Epps, the eldest son of John Epps (see Epps family), was born into a Calvinist family in Sevenoaks, Kent in 1805. George Napoleon Epps was his half-brother.
Epps became disillusioned with the religious atmosphere of his childhood. After education at a dissenting academy and then Mill Hill School (near Hendon), he served an apprenticeship to an apothecary of the name of Dury or Durie.
In 1824, at the age of 18, Epps went to Edinburgh to study medicine, and in 1827 graduated at the age of 21. He conceived of medicine as 'a tool of liberation for the poor and lower classes'.
After graduating Epps moved back to London where he began to practice, eventually settling in Great Russell Street. In 1831 he married. He became Medical Director of the Royal Jennerian and London Vaccine Institution, on the death of John Walker. Epps had a Scottish degree, but no license from the Royal College of Physicians.
Epps also lectured on chemistry, botany, and materia medica, in London locations.
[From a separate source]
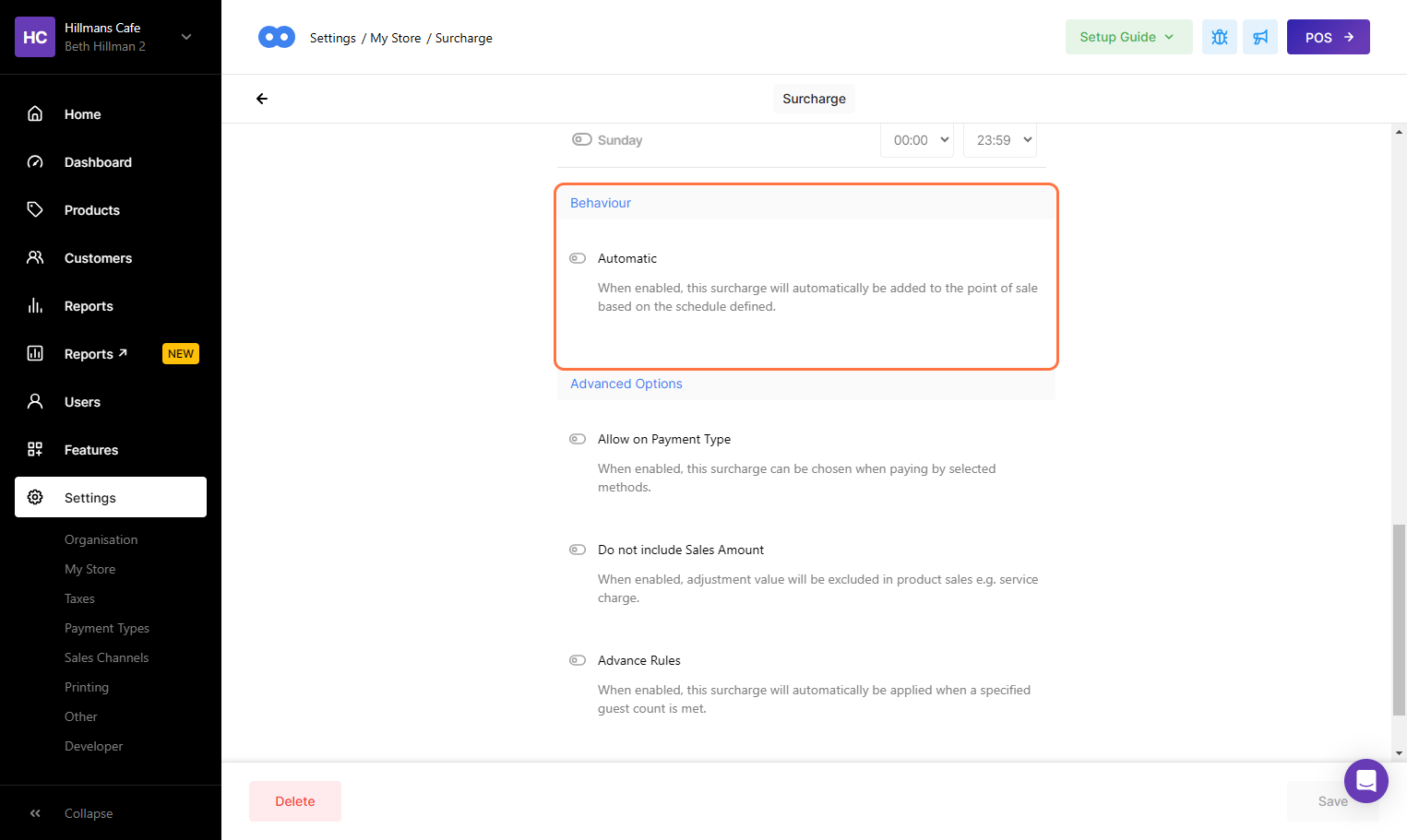To ensure a surcharge is applied automatically to the desired time period, select the Automatic Toggle

Initially this was at the Aldersgate Medical School, and Windmill Street; and later at Westminster at the Hunterian School of Medicine. There was briefly (1830–31) a medical school in Brewer Street, set up by William Birmingham Costello, Epps and Michael Ryan. Epps and Ryan then joined George Darby Dermott in giving lectures at the Western Dispensary in Gerrard Street; James Fernandez Clarke, in his memoirs, described Epps lecturing there as well-read and sympathetic but not deeply versed in practical chemistry, or botany. Epps lectured publicly and extensively for the rest of his life, particularly on phrenology and homoeopathy, in London and elsewhere. When his health failed he continued to lecture in his own home.